Hey! sign me up for the loser's club. I have the worst luck in history (so strike the chance that I'll get drawn out of the winner's circle, and even if I win, my name will also get drawn to send off the pack of blanks that I volunteered...at which point, I'll go ahead and send the package to myself, so I can celebrate in style. *blows party favor half-heartedly - "Phhhweeeezzzeee"*)

Add the above listed weird luck with the fact that I'm shooting blanks with the trivia questions so far, and it's official.
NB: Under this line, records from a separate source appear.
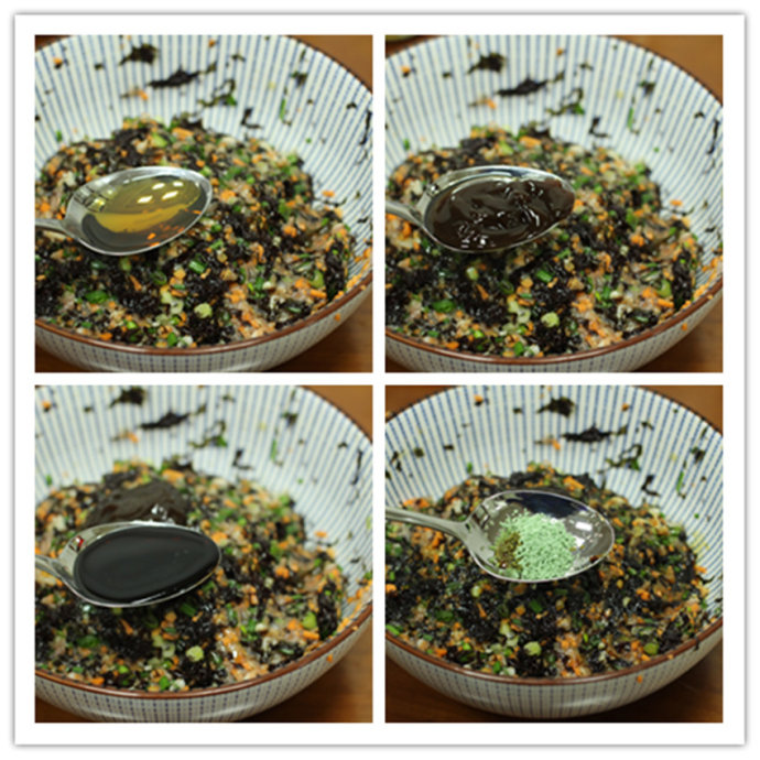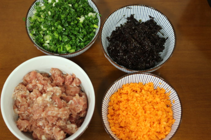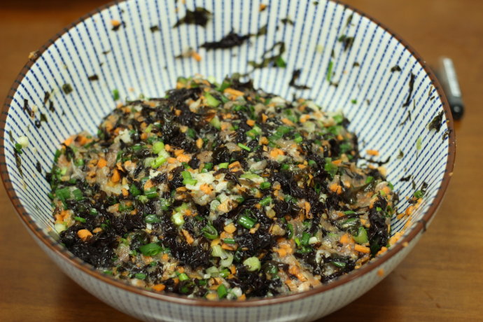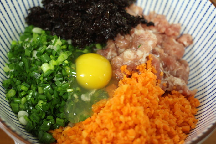 While the sweet potatoes are steaming, chop the green onion, dice the carrot, and cut up the washed dried seaweed with scissors and combine in a bowl with the pork mince.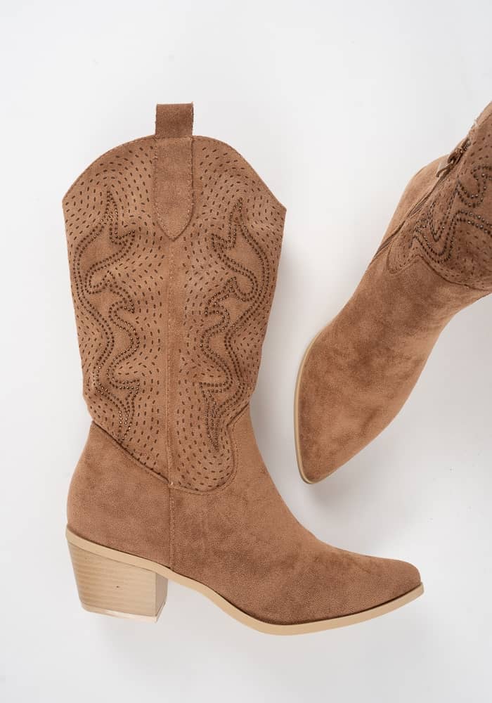 Γυναικείο Μποτακι Καμελ Suede κωδ:WS158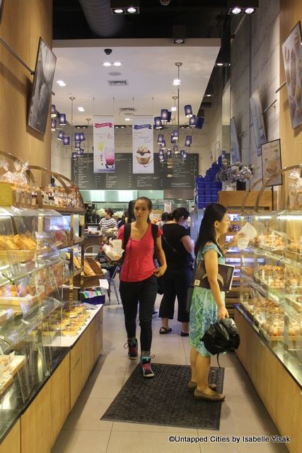 Now, when it comes to baked goods, I’m already half-way sold if I can catch a whiff of that bread-right-out-of-the-oven smell when I enter through a doorway, as was the case when I first came to this bakery. With regards to the menu, while they do offer sandwiches, Paris Baguette is better known for their bread, pastries, cakes, and coffee. A re-imagination of Parisian food by Koreans, Parisian Baguette acts as a reminder of South Korea where these stores are found in abundance. Yet, their recipes appeal to Americans for its West-East fusion. As for the staff, some of the food workers don the most stereotypical “Parisian” outfit: a black beret and a striped black and white “mime” shirt. C’est très amusant.

I'm doomed, unless one of the questions is "How do they make that fluffy white filling in a Twinkie", which I can answer because my nephew got a 'bake your own Twinkies' kit for Christmas, which, incidentally, makes the cost of a Twinkie about four times what it would cost to just buy a box and call it a day.

[]


----------



## TBone (Jan 4, 2008)

Roy, I started our as a Minnesota Viking fan with Joe Kapp.....Vikings lost 5 Super Bowls.  Then I swithced to the Panthers.....nuff said.  I was pulling for Sooners also, along with Va Tech, Clemson, Fla, UVA etc.  At least ECU beat Boise State.


----------



## Rob (Jan 4, 2008)

Cav,

Think you and I were the two that couldn't win a piece of used sandpaper last year.  Becca was right there with us for the longest time, but if memory serves me correctly she finally got lucky at the end of the month.  Tell you what, if we end up the same way this year how about we exchange blown out blanks or used sandpaper?

Rob...charter member, IAP Losers Club


----------



## Malainse (Jan 5, 2008)

> _Originally posted by DocStram_
> Actually, there's only one way to become a member of the IAP Loser's Club .... unfailing faithfulness in repeatedly submitting incorrect answers for the Trivia Contest.



I had every answer wrong in the pen/turner contest so I should still be a member .  But per Doc. I am out...  [)]


----------



## IPD_Mrs (Jan 5, 2008)

> _Originally posted by karlkuehn_
> 
> Hey! fact that I'm shooting blanks []



Do you realize what kind of opening you are giving me at 3:34 am after being up for 18 hours with a simple statement like this wrapped up in a whole post .. [}]

ah .. but I finally get to go to bed .. so I'll just let this one go ... that doesn't happen often .. enjoy your "luck"


Mrs.


----------



## karlkuehn (Jan 5, 2008)

> _Originally posted by MLKWoodWorking_
> 
> 
> 
> ...



Crap. You know, as many pot shots as I take at everyone else, one would think that I'd proof read my posts for any potential ammunition. Thanks for the free parking! hehe []


----------